Отдельный ген или короткие сегменты ДНК не могут визуализироваться при микроскопическом исследовании, поэтому для идентификации мутаций применяются методы молекулярно-генетической диагностики. Информация, полученная в результате «Проекта генома человека», и другие достижения в области молекулярной генетики значительно расширили возможности пре- и постнатальной диагностики генетических заболеваний. Методы молекулярно-генетической диагностики обеспечивают раннее обнаружение и прогноз моно- и полигенных заболеваний с дебютом во взрослом возрасте. Технические возможности молекулярно-генетической диагностики могут выходить за этические рамки, установленные в отношении наследственных заболеваний, особенно если эти исследования должны проводиться в детском и подростковом возрасте.
Методы молекулярной цитогенетики
Количественные и структурные аномалии хромосом — распространенные причины многочисленных пороков развития и онкологических заболеваний.
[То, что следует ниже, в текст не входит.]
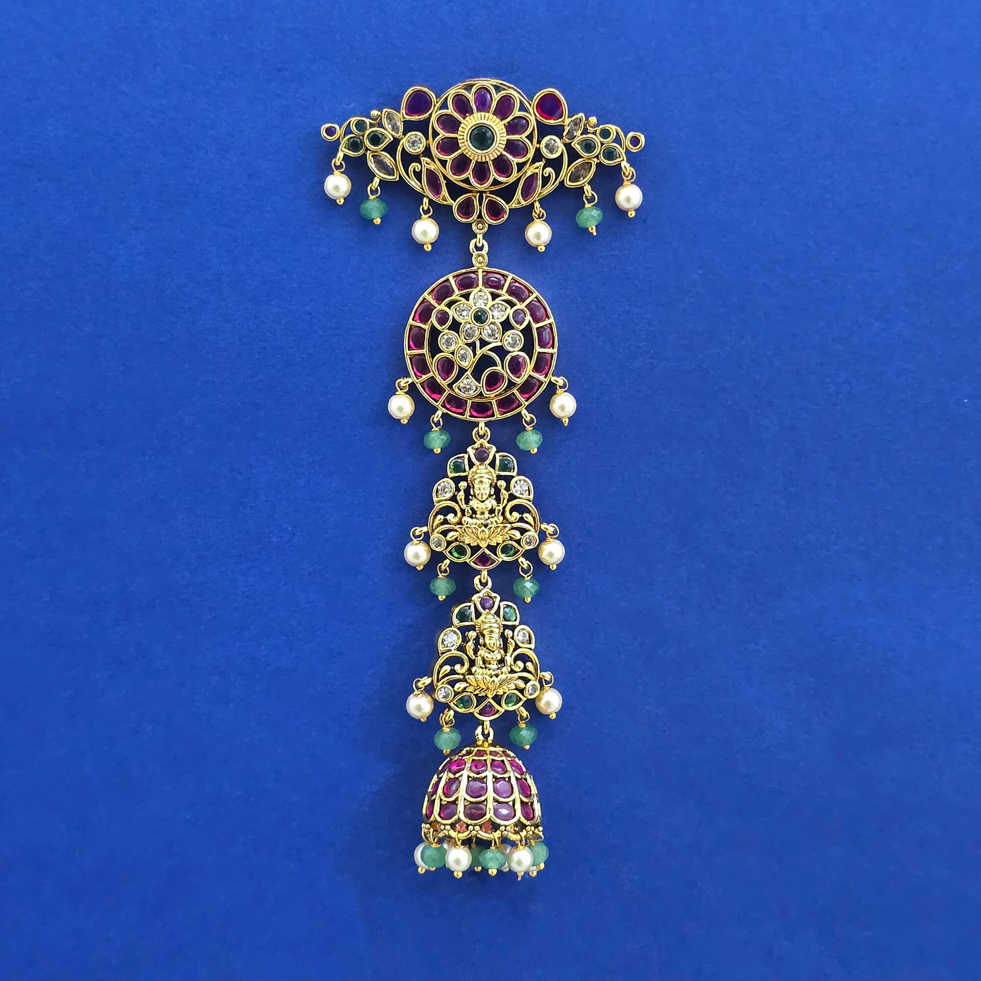 • Antique Moti Hair Brooch with Matte Gold Plating
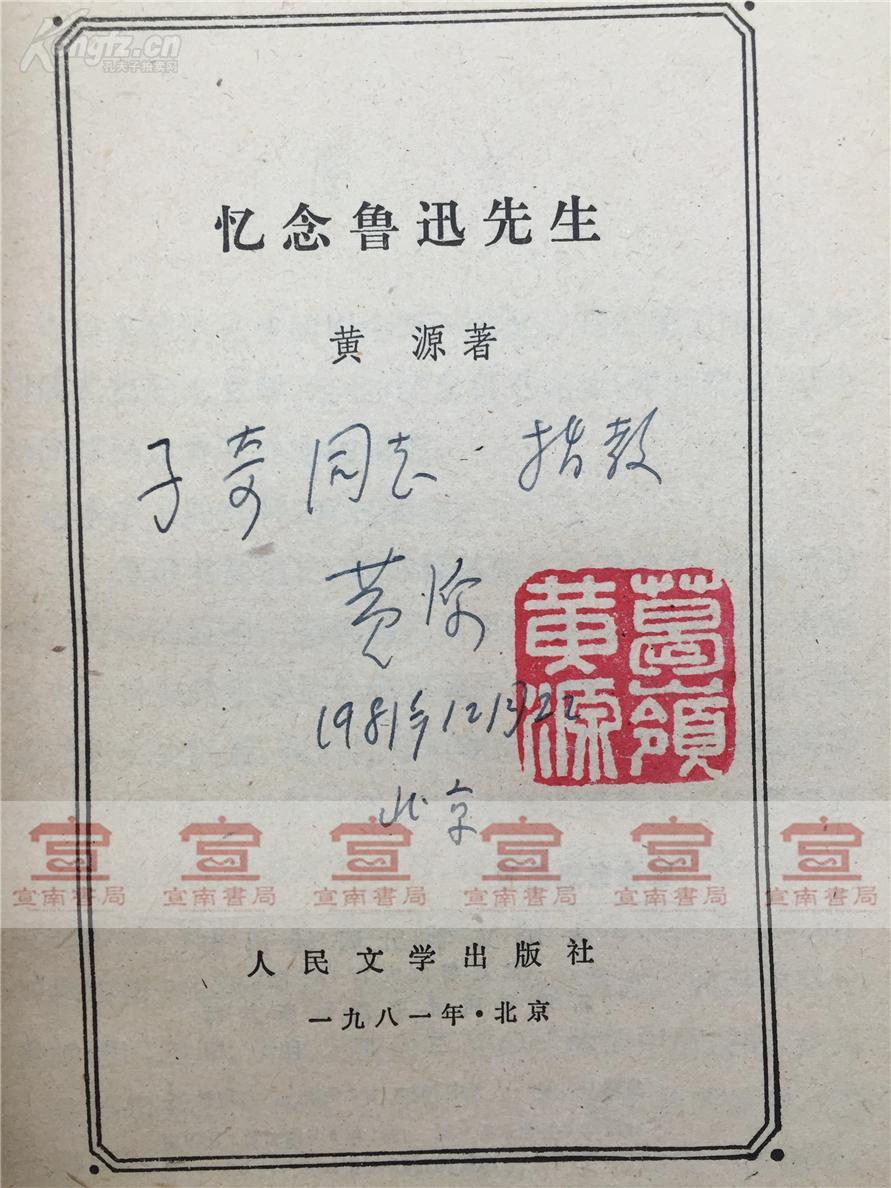 朱子奇旧藏:黄源签名本《忆念鲁迅先生》(

Идентификация этих хромосомных аберраций имеет важное значение при семейном консультировании для оценки прогноза и репродуктивного риска при будущих беременностях. Традиционный хромосомный анализ — «золотой стандарт» цитогенетической диагностики, однако он имеет ограниченные возможности. Методы молекулярно-генетической диагностики с применением флюоресцирующих меток, основанные на технологиях клонирования, и повышенная чувствительность конъюгатов антител способствуют выявлению тонких хромосомных изменений, не обнаруживаемых при классическом цитогенетическом исследовании. Такие техники расширяют диагностические возможности при обследовании детей с умственной отсталостью, пороками развития и многими другими заболеваниями.
Метод флюоресцентной гибридизации in situ
Метод флюоресцентной гибридизации in situ (FISH — fluorescence in situ hybridization) включает применение уникальных нуклеотидных последовательностей ДНК в качестве зонда для поиска нужных последовательностей ДНК в материале, полученном от пациента. Локусспецифический или генспецифический ДНК-зонд помечен определенным маркером (например, флюорохромом), что обеспечивает его обнаружение при флюоресцентной микроскопии. Исследуемая ДНК представляет собой препарат хромосом для микроскопического исследования, содержащий нити в метафазе и ядра в интерфазе (в неделящемся состоянии). ДНК-зонд и исследуемую ДНК денатурируют, что приводит к образованию одноцепочных ДНК. ДНК-зонд добавляют к препарату хромосом и инкубируют в течение времени, достаточного для гибридизации ДНК-зонда и комплементарных последовательностей ДНК больного, если у больного имеется участок ДНК, комплементарный ДНК-зонду. Гибридизация происходит только на комплементарных участках ДНК и не касается фрагментов с иными последовательностями ДНК из других частей генома. Присутствие или отсутствие меченного флюорохромом зонда в составе ДНК после гибридизации определяется при исследовании хромосом с помощью флюоресцентной микроскопии. Результат данного метода молекулярно-генетической диагностики, как правило, не вызывает сомнения.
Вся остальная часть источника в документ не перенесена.